Conde Nast and BuzzFeed announce more layoffs, furloughs and pay cuts.

Condé Nast and BuzzFeed Announce Additional Cuts Due to COVID-19

Layoffs, furloughs and pay cuts continue as publishers lose advertising revenue during coronavirus crisis.

Magazine publisher Condé Nast and digital news outlet BuzzFeed have announced additional layoffs, furloughs and cost cutting measures due to the COVID-19 pandemic. Like so many media outlets, Condé Nast and BuzzFeed have lost ad revenue because businesses cannot afford to advertise right now, and the publishers have to cut costs to try to sustain themselves.

According to Publishers Daily, the 111-year-old Condé Nast, which publishes Vogue, The New Yorker, Vogue, Vanity Fair, GQ, Wired and other magazines, is laying off 100 U.S. employees and furloughing another hundred, or about 7.4% of the company’s U.S. workforce of 2,700. Other employees will have a reduced work schedule. Those who are let go will get a severance package and access to job placement resources. The company will continue pay health care premiums for furloughed employees. Employees got the news in a memo from Condé Nast CEO Roger Lynch Wednesday.

“We’ve deferred projects and initiatives, closed hundreds of open roles and limited hiring, renegotiated contracts and temporarily reduced salaries for those with higher incomes, including our leadership team, our board and me,” Lynch added.

The salary reductions started in April. Employees making $100,000 or more received pay cuts of 10% to 20% for five months, beginning May 1. Senior managers are having their pay reduced by 20%, including Vogue editor-in-chief and Condé Nast artistic director Anna Wintour. Lynch and external members of the board are taking a 50% pay cut. At the time those cuts were announced, Lynch suggested that additional cost cutting measures might be necessary.

“While we aren’t as solely dependent on print and digital display advertising as some of our competitors, globally, we will still see a substantial impact from this crisis on our business,” Lynch said in a memo to staff. “It’s very likely our advertising clients, consumers and, therefore, our company will be operating under significant financial pressure for some time. As a result, we’ll need to go beyond the initial cost-saving measures we put in place to protect our business for the long term.”

BuzzFeed has found itself in a similar position. Effective May 16, the media outlet is putting 68 employees on furlough for three months, imposing salary cuts for other workers, and is considering pressing pause on 401(k) matches through year-end, reports Bloomberg. In addition to the furloughs, BuzzFeed is hoping to sublet offices in Minneapolis and Washington, and it has imposed a hiring freeze on 50 open positions.

“The global economic downturn caused by the coronavirus pandemic has inflicted increasing negative impact on our business. In recent weeks, we have been confronted with even greater revenue declines than expected,” said Jonah Peretti, BuzzFeed co-founder. “We need to lower our costs and change how we operate to get through this crisis.”

The first round of COVID-related cuts came in March when Peretti imposed pa reductions of 5% to 25% depending on the size of the staff salary. Senior executives were to get larger cuts than employees who are paid less. Peretti is foregoing his salary until the coronavirus and subsequent economic crisis have passed.

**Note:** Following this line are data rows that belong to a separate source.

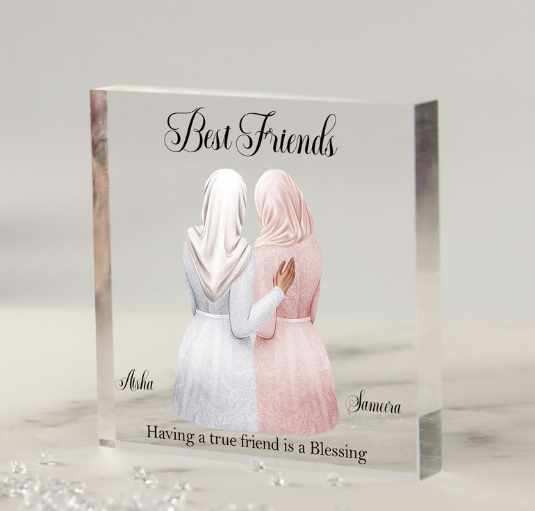 Our Personalised Muslim Best Friend Print Freestanding Acrylic Block makes a thoughtful unique gift or keepsake for any Friends or loved one.
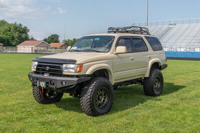 July 22: A ’97 Toyota 4Runner customized by Comstock HS in Kalamazoo, Michigan. The vehicle features a full exterior repaint in Quicksand Tan, Katzkin front and rear custom leather seats, Borla cat-back exhaust, True North Fabrications front and rear plate bumpers with spare-tire carrier swingout, and bronze-finished ICON wheels on Atturo 35x12.5R17LT Trail Blade M/T Tires, 34.8-in. height.
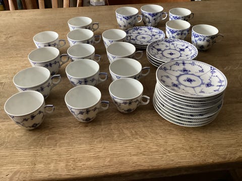 Porcelæn, Kaffekop med kagetallerken, Royal Copenhagen Musselmalet Halvblonde
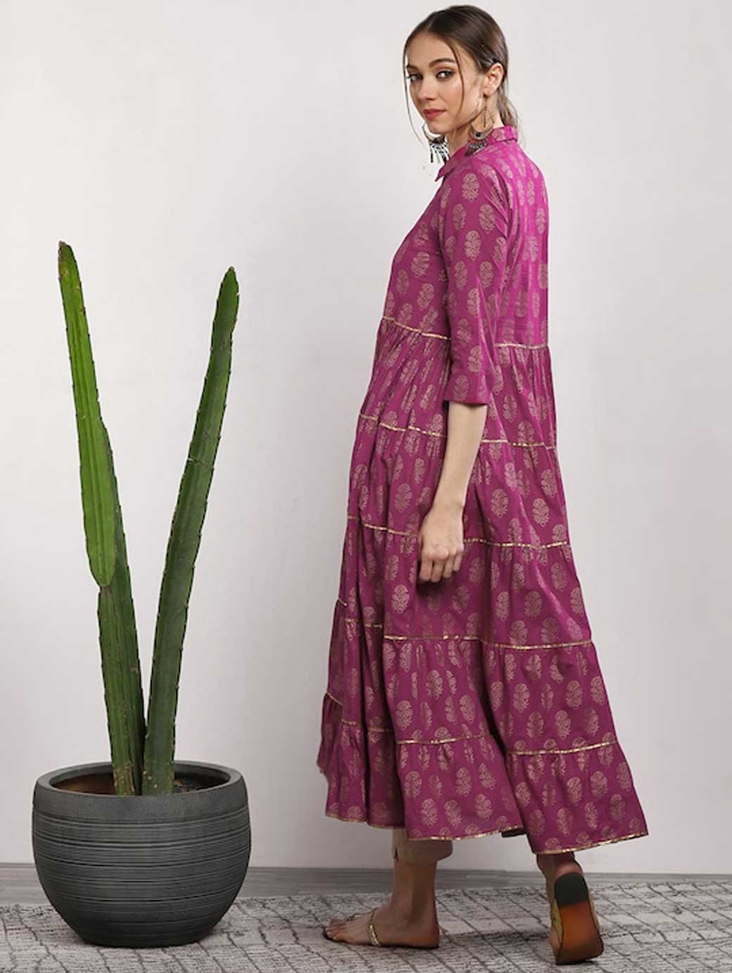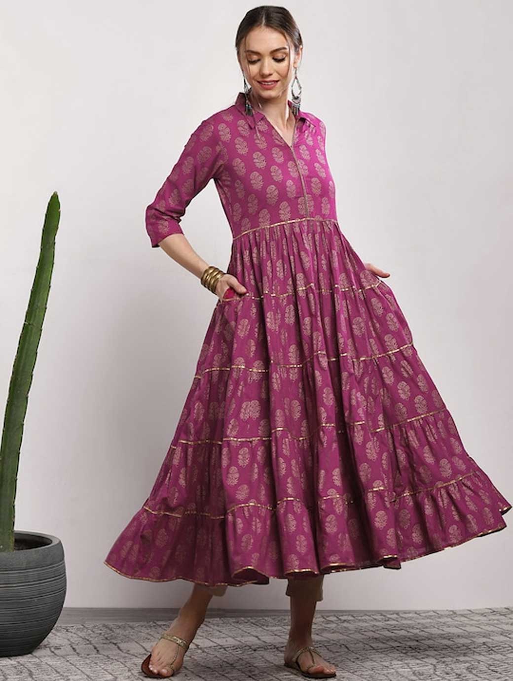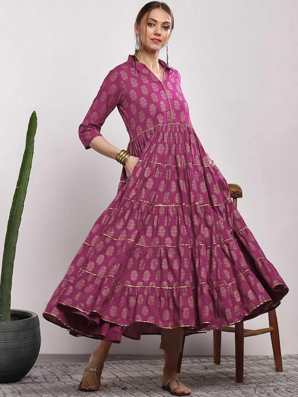 Pink Printed Tiered Anarkali Kurta, has a round neck, three-quarter sleeves, and flared hem.

“I understand this will be a real hardship for everyone, but our goal is to make it possible for all of us to get through this,” Peretti wrote in a memo to staff.

Condé Nast  and BuzzFeed are only two of the many publishers laying off and furloughing staff and imposing pay cuts and other cost cutting measure. In April, WWD reported that Meredith Corp. was planning to cut pay for 60% of its staff of 5,000, temporarily stop dividends, and it has withdrawn its guidance for 2020, not knowing what lies ahead.

 “The COVID-19 crisis has created an extremely challenging business environment, including significant advertising campaign cancellations and delays,” said Meredith president and CEO Tom Harty. “While our financial position is strong, given the impact on advertising — which represents approximately half of our revenue mix — we are proactively taking aggressive actions to strengthen our liquidity and enhance our financial flexibility in the near-term to effectively navigate the current environment.”

Insider Take:

These are just the latest media organizations impacted by COVID-19 in an unpredictable advertising landscape. Those hit the hardest are those who rely most heavily on advertising revenue for sustainability. Meredith, with 50% of its revenue coming from advertising, was particularly hard hit, where The New York Times, for example, has diversified its revenue in recent years, making it less reliant on sometimes fickle ad dollars. At the end of the first quarter of 2020, advertising revenue only made of 23.9% of The Times’ total revenue. The coronavirus crisis is undoubtedly a painful lesson for publishers.